The policy is expressed in the Commission’s Staff Legal Bulletin 14, which explains the process whereby shareowners can, under Rule 14a-8, submit proposals to the corporations they own. The Commission has a no-action process for adjudicating disputes. If a corporation feels justified in excluding a proposal from its proxy materials, it can approach the Commission for a “no-action” letter. If issued, a no-action letter is a green light for the corporation. It indicates that Commission staff has reviewed the matter and would not recommend any sort of enforcement action, should the corporation exclude the proposal. The Commission receives numerous no-action requests under Rule 14a-8 each year. It grants some and refuses others.
Parties are not bound by a no-action decision.
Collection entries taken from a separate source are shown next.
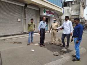 मेहेंदळे वाडा या ठिकाणी विकासकाने टोलेजंग टॉवर उभारला आहे. त्यामुळे येथील रस्ता वाहनचालक व पादचार्यांना धोकादायक ठरत आहे. याबाबत भाजप नेते संजय कोनकर यांनी वेळोवेळी पत्रव्यवहार करत मुख्याधिकार्यांचे लक्ष वेधण्याचा प्रयत्न केला. मात्र त्यावर न.प.प्रशासनाकडून आजपर्यंत कोणतीही कार्यवाही करण्यात आली नाही. त्यामुळे प्रत्यक्ष जागेवर येऊन पाहणी करण्याची विनंती कोनकर यांनी पोलीस निरीक्षक संजय पाटील यांना केली होती. त्यानुसार पोलीस निरीक्षक पाटील सोमवारी या रस्त्याची पाहणी केली असून यासंबंधी मुख्याधिकार्यांजवळ चर्चा करून उपाययोजना करण्यास सांगतो, असे आश्वासन संजय पाटील यांनी दिले आहे.
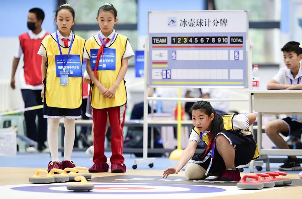 2021年6月16日—17日,呼和浩特市教育局主辦的“冰雪運動進校園”中小學旱地冰壺比賽開賽。在為期兩天的比賽中,各參賽隊員在賽場上團結協(xié)作、巧妙配合,結合戰(zhàn)術應用,用完美的擲壺和漂亮的擊打,打出了風格,打出了氣勢。最終呼和浩特市賽罕區(qū)錫林南路小學分校旱地冰壺隊獲得全市小學女子組冠軍。(海霞)
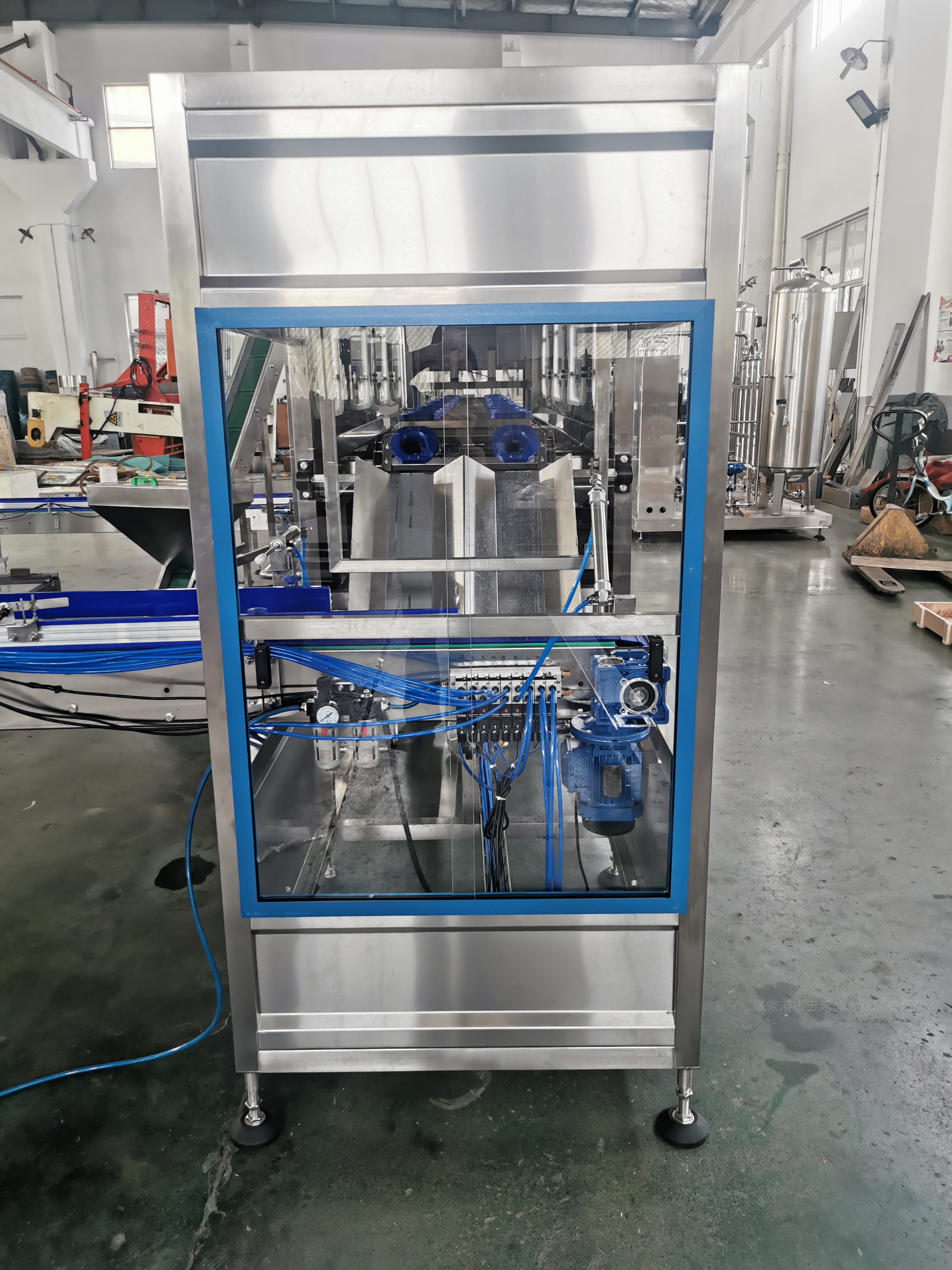 该机结构紧凑、占地厂房小、工作效率高且稳定可靠、自动化程度高。操作工仅需二人,是机电气三位一体的全自动桶装设备。
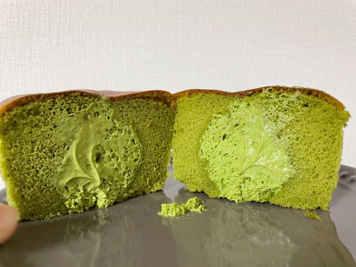 次に甘めの抹茶クリームが口いっぱいに広がり、カステラのふわふわと、抹茶クリームのとろとろが口の中で楽しめます。

They can always take their dispute to court. Indeed, they can even skip the no-action process and go straight to court. That is what Apache Corp. did last year, when they sued shareowner John Chevedden over a proposal he had submitted. Apache’s arguments were identical to those the Commission had rejected fifteen months earlier in response to a no-action request by Hain Celestial. Apache went straight to court to avoid the embarrassment of an adverse no-action decision, which would have been helpful to – and certainly would have influenced – the court. Instead, with litigation pending, the SEC’s self-imposed gag rule went into effec. The SEC was silent.
Knowing the SEC would not weigh in, Apache’s lawyers blatantly misrepresented the Commisson’s position to the court. They stated that Commission staff’s no-action decision in Hain Celestial was an “anomaly” and cited 30 staff no-action decisions they claimed contradicted Hain Celestial.[1] In our own amicus curiae brief,[2] the United States Proxy Exchange (USPX) reviewed all 30 of those no-action decisions and demonstrated that not a single one contradicted Hain Celestial, and several actually supported Hain Celestial. Had USPX volunteers not spent numerous hours reviewing all those decisions, the court might have taken the Apache lawyers’ false claim at face value.
On January 21, we reported that KBR was suing John Chevedden over a proposal, just as Apache had done. See KBR Bellies Up To the Bar. Like Apache, KBR bypassed the no-action process and went straight to court. Again, the SEC is silent.
On January 26, another company, Kinetic Concepts (KCI), wrote the Commission suggesting that a no-action request they had pending raises issues similar to those at issue in KBR vs. Chevedden. They asked that the Commission extend the gag rule and remain silent on their case, even though it is not a subject of litigation. They argued that, since the issues were similar, the SEC should wait and be bound by the court’s ruling in KBR vs. Chevedden. They were asking the Commission to be silent for them too.
Let’s get something straight. The SEC has an important role to play protecting investors. They cannot play that role by being silent, especially when their own rules are being challenged. Judges in Federal Court are generalists. They are not experts in securities regulations. They need the SEC’s expertise. They should not be denied it.
The letter the USPX sent today asks the Commission to:
1. Reject KCI’s request that the gag rule be extended to include not only companies in litigation over exclusion of a shareowner proposal, but also companies raising issues similar to those raised by companies in litigation.
2. Adopt a policy of issuing decisions for all Rule 14a-8 no-action requests, and that staff issue such decisions prior to a ruling in any relevant litigation.
These are simple but important steps Commission staff need to take right away. The integrity of the Rule 14a-8 shareowner proposal process depends on the SEC being heard. It is time.